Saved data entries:
****************

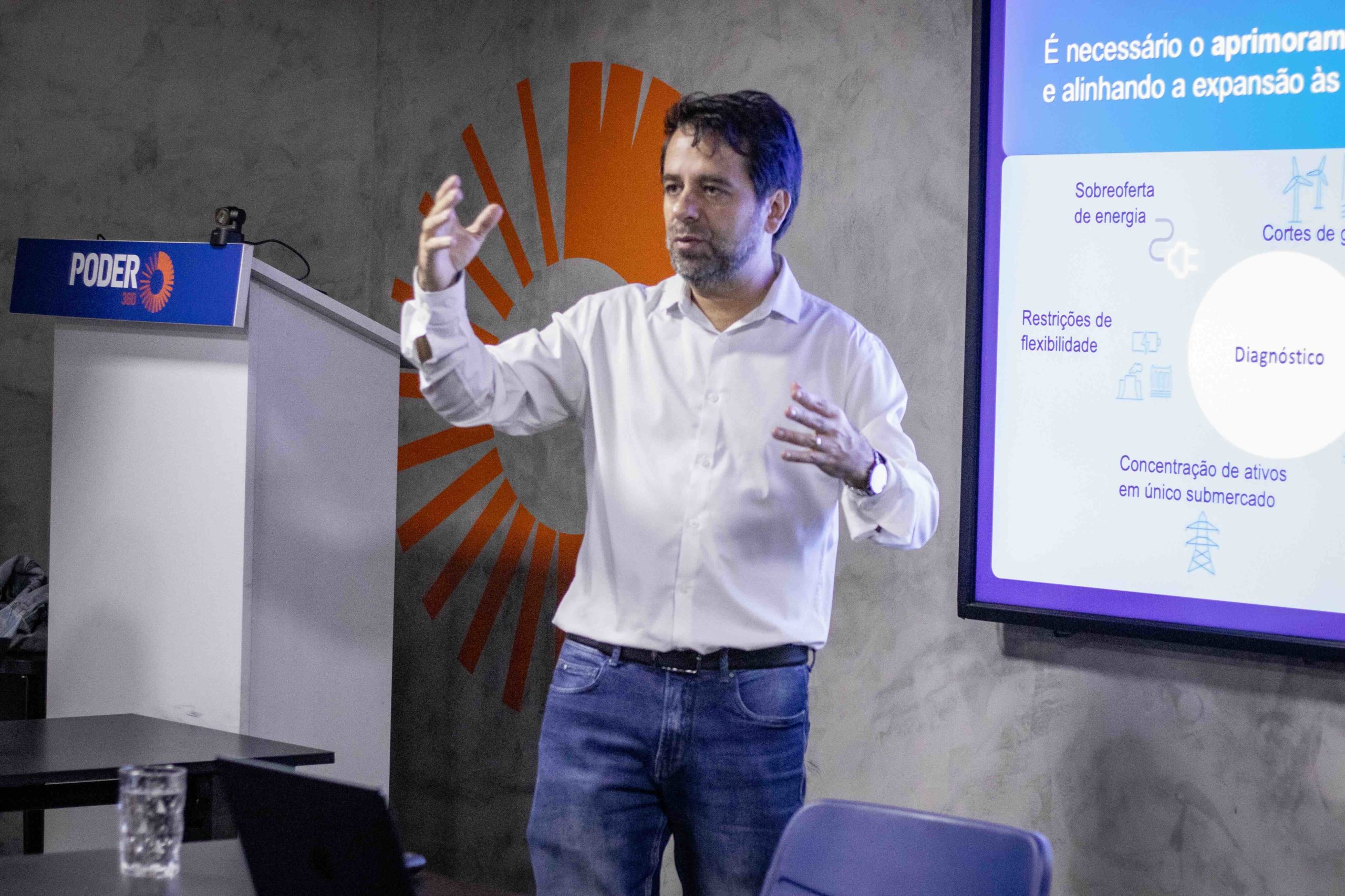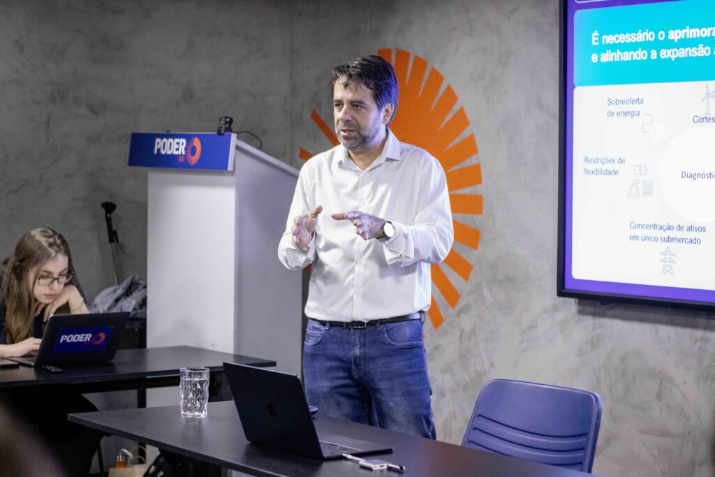 O diretor de Relações Institucionais da Axia Energia, Luiz Laércio, ministrou palestra à 2ª Turma do Programa de Trainees em Jornalismo do Poder360 nesta 6ª feira (10.abr.2026), na sede do jornal digital, em Brasília.
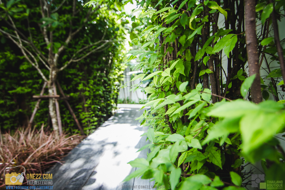 เดินทะลุออกไปยังโซนที่พัก จะเจอกับแนวต้นไม้สีเขียวๆชวนให้สดชื่นและเข้ากันดีทีเดียว
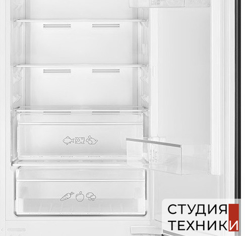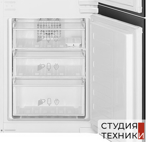 Общие характеристики:- Тип: встраиваемый- Вид: холодильник с морозильником- Количество камер: 2- Количество компрессоров: 1- Разморозка холодильной камеры: No Frost- Разморозка морозильной камеры: No Frost- Общий объем холодильника: 284 л- Объем холодильной камеры: 196 л- Объем морозильной камеры: 69 л- Объем зоны свежести: 19 л- Цвет: белый- Количество дверей: 2- Дверной упор: справа- Уровень шума: 37 дБ- Класс энергетической эффективности: A+- Климатический класс: SN-N-SТ-T- Годовое потребление энергии: 262 кВтч/год- Размеры (ВхШхГ): 193.5х54х54.5 см- Размеры ниши для встраивания (ВхШхГ): 194-195х56х55.5 см
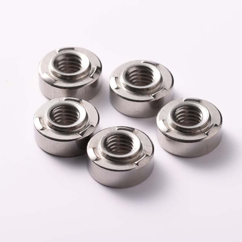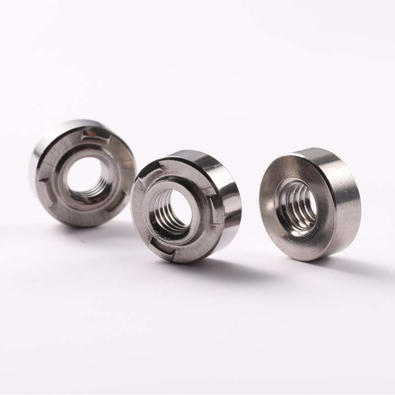 Самозажимная выступающая сварная гайка имеет зубчатую или зубчатую структуру под основанием. Когда вы вставите ее в предварительно просверленные отверстия (с помощью специального сварочного пистолета или инструмента), эти зубцы войдут в металлическую пластину. Затем можно выполнить сварку через центральное отверстие гайки. Сварка навсегда зафиксирует его на месте, но зубцы уже прочно зафиксировали его в процессе сварки. Самоблокирующаяся конструкция имеет продуманную конструкцию, позволяющую одновременно с механическим запиранием достигаться во время сварки, что обеспечивает двойную гарантию стабильности соединения. Он имеет сильную адаптируемость к сварочным деталям. Будь то тонкая железная пластина или толстая стальная пластина, она может надежно и плавно выполнять сварку и фиксацию.
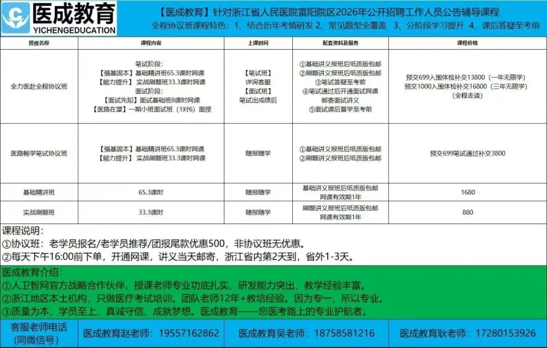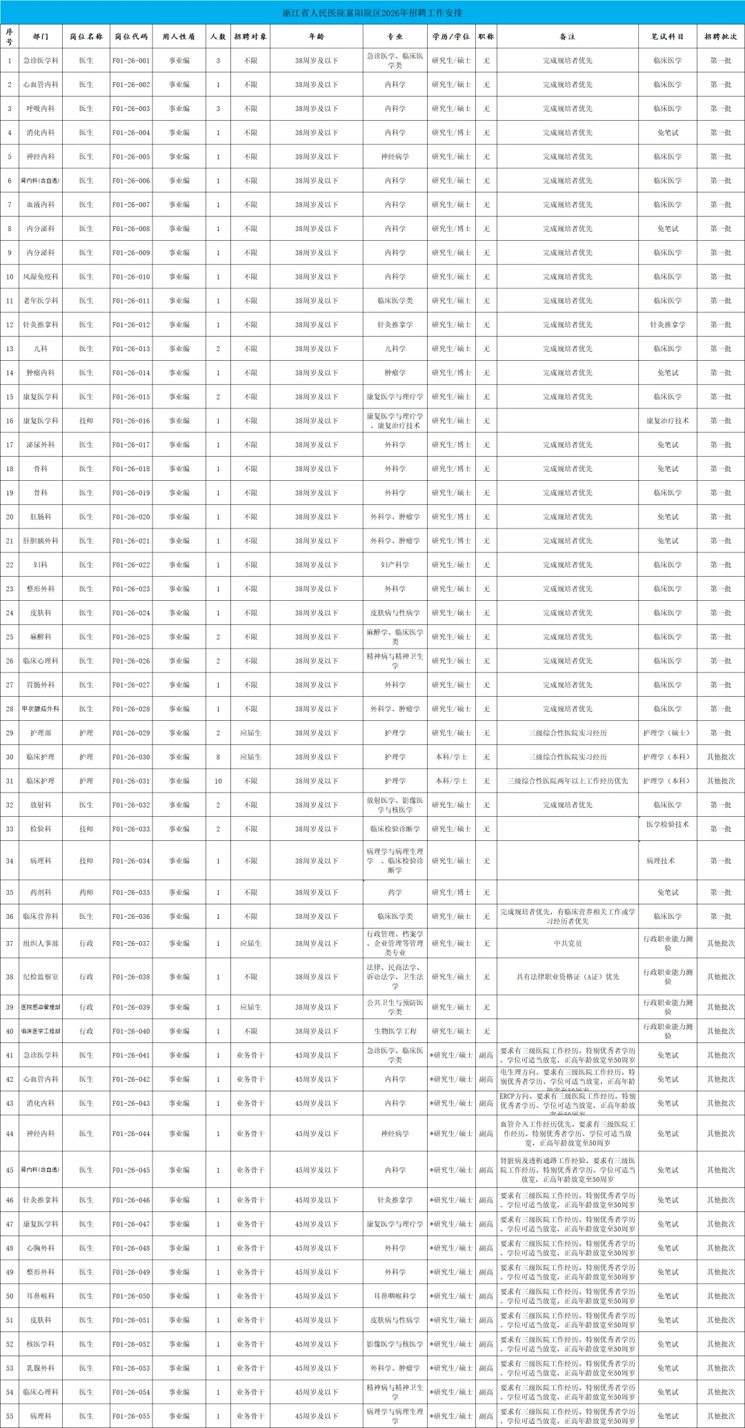 附件:浙江省人民医院富阳院区2026年公开招聘安排
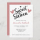 Doce 16 Cardíacos Convite de Aniversário. Junte-se a nós para uma comemoração mágica do Sweet 16. Os hóspedes vão divertir-se, deliciosos doces, e dançar à noite, sob luzes de fadas brilhantes. Adorem sua celebração com decorações em forma de coração e um incrível bolo de aniversário rosa e branco.
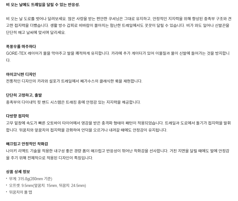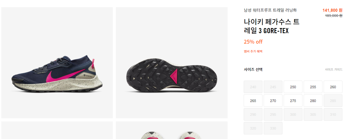 혹시 눈과 비가 오는 날 신을 고어텍스 신발을 찾고 계시다면 나이키 페가수스 트레일 3 고어텍스를 조심스럽게 추천해봅니다.

****************

*EXERCISE OBJECTIVE*: From the first line above to the line containing "เดินทะลุออกไปย", repeat each line exactly. Pictures stay out.

*RESULT*:
 O diretor de Relações Institucionais da Axia Energia, Luiz Laércio, ministrou palestra à 2ª Turma do Programa de Trainees em Jornalismo do Poder360 nesta 6ª feira (10.abr.2026), na sede do jornal digital, em Brasília.
 เดินทะลุออกไปยังโซนที่พัก จะเจอกับแนวต้นไม้สีเขียวๆชวนให้สดชื่นและเข้ากันดีทีเดียว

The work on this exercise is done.